И в качестве добавки:
— Тимоня, черепашка моя, быстро в рубку! Размажет по стенкам — я соскребать не буду!
Я представил свои выжатые внутренности рядом с бессмертными строками: «Несчастье будет с вами в эту ночь…» — и поспешил в рубку.
Барков уже был там — сидел смирно в крайнем правом кресле. Мне издали даже показалось, что он вроде как пребывает в бессознательном состоянии. Вообще-то, честно говоря, я не сразу разглядел Баркова, а первым делом заметил маленького утконоса, свисающего мордой вниз с потолка. Чучело! Утконос покачивался в струях воздуха из кондиционера и блестел глазами. Как, интересно, Груша тут собирается осуществлять навигацию? Ведь сушеная полувыдра чуть не половину экрана перекрывает…
Я ткнул утконоса пальцем в нос. Он оказался на удивление упругим.
— Твой, что ли? — спросил Баркова.
— Не, Лины.
Оказывается, сокращенное от Аполлинарии — Лина. Интересно, а мне ее так можно называть? Нет, мне, наверное, нельзя…
— И зачем тут сушеный недозверь нужен? — задал я вполне логичный вопрос.
— Не знаю, — осторожно сказал Барков. — Может, для того, чтобы сглаз отваживать?
— Что отваживать? — не понял я.
— Сглаз.
— Что такое «сглаз»? — снова не понял я.
— Сглаз — это когда к тебе неудачи привязываются, — пояснил Барков. — Видимо, Лина увлекается мистикой. А может, и нет.
— Чем?
— Мистикой. Если хочешь, я расскажу…
Рассказать Барков не успел — в рубку протиснулась обладательница мумифицированного яйцекладущего млекопитающего. Интересно, что у них на «Блэйке» произошло, если Барков знает про какие-то там сглазы? Я вот не знаю. Надо будет как-нибудь расспросить его поподробнее.

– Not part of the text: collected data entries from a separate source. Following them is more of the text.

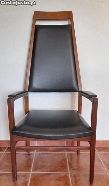 Cadeirão centenário em madeira e cabedal. O assento mede 50 cm de profundidade e tem de largura na parte mais larga 55 cm e na menos larga 46 cm. Tem de altura máxima 136 cm. Em excelente estado. Peça de museu.
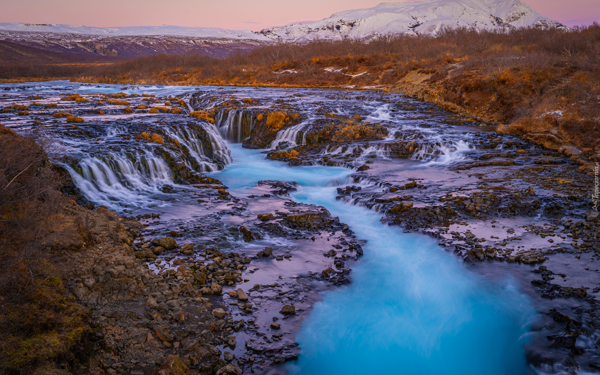 Edytor tapety: Wodospad Bruarfoss Waterfall i rzeka Bruara w Islandii
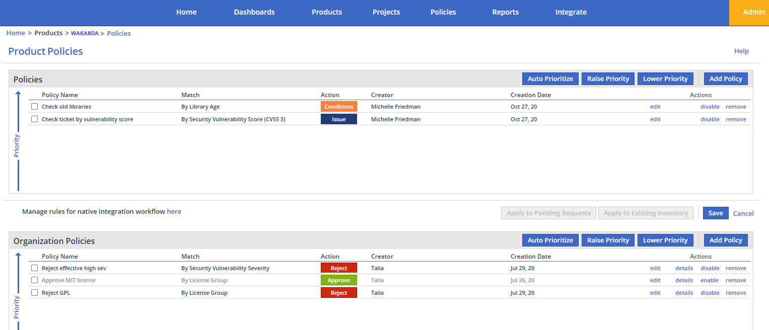The next step is to create distinct sets of policies for each product. These policies will then be automatically enforced in the corresponding tools during the different steps of the SDLC. In our example:
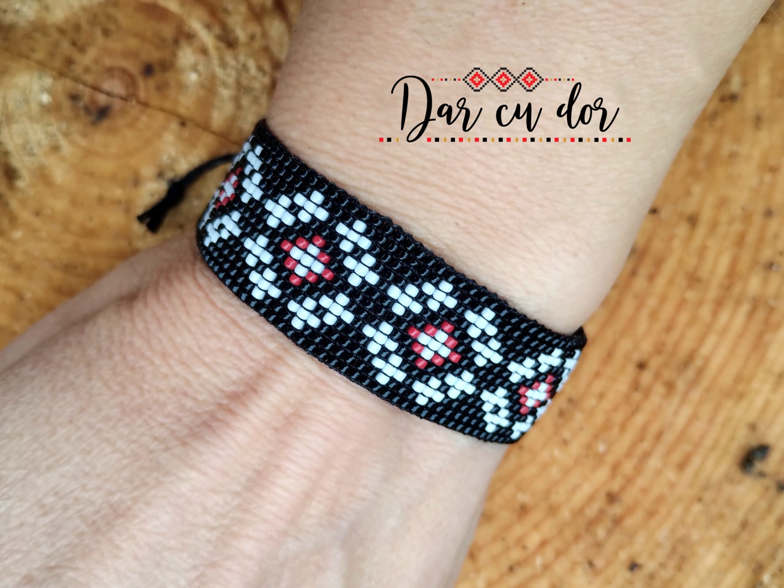 Brăţări cu mărgele fine. Brățările cu motive tradiţionale „Dar cu dor” din această categorie sunt realizate cu mărgele de nisip de 1,4 mm, cele mai mărunte existente, alese pentru a obţine detalii foarte fine. Mărgelele sunt de fabricație japoneză, au o calitate superioară, în culori vii şi luminoase care nu se șterg în timp iar aţa folosită este deosebit de rezistentă. Spre deosebire de mărgelele normale, aici suprafața produsului dă senzația de fin, de catifelat iar modelele sunt mai detaliate și bogate. Majoritatea lor au motive deosebite de ceea ce se găseşte ca tradiţional la tarabe. Nu sunt reproduceri ale bijuteriilor vechi, ci sunt compuneri noi din motive preluate de pe diverse elemente de artă populară. Câteva brăţări au motive originale. Sunt realizate cu mărgele de calitate, ceea ce se reflectă în ordonarea lor aproape perfectă, care fură privirea. Brăţările „Dar cu dor” sunt ţesute sau cusute. Ţesutul este o tehnică tradiţională românească, în vreme ce tehnica de cusut nu. Aceasta se potriveşte foarte bine elementelor moderne: baze metalice pătrate sau dreptunghiulare ori terminaţii-tub argintate, preponderent din inox. Brăţările cu motive tradiţionale din mărgele „Dar cu dor” sunt potrivite atât la straie de sărbătoare cât şi la ţinute moderne, fiind foarte apreciate de cei care se află peste graniţe şi chiar de către străini, care privesc cu multă admiraţie arta noastră populară. Brățările cu nod reglabil pot fi deschise până la aproximativ 22-24 cm pentru a putea fi introdusă brăţara pe mână, cele cu închidere inox au lungimea de 16-17 cm și 4-5 cm prelungitor. Fiecare brăţară se livrează pe cartonaş-suport sau în săculeţ organza, ori contracost, în cutie cu suport special, disponibile în categoria Ambalaje.

Груша с трудом уместилась в центральном кресле и приняла шкиперский вид. Наверное, сейчас толканет какую-нибудь затертую космическую присказку, типа «спокойной плазмы», или «семь футов под килем», или даже «порвем пространство на британский флаг»…
И Груша меня не подвела.
— Ну что, покойнички, полетели? — спросила она и, не дожидаясь ответа, активизировала автопилот.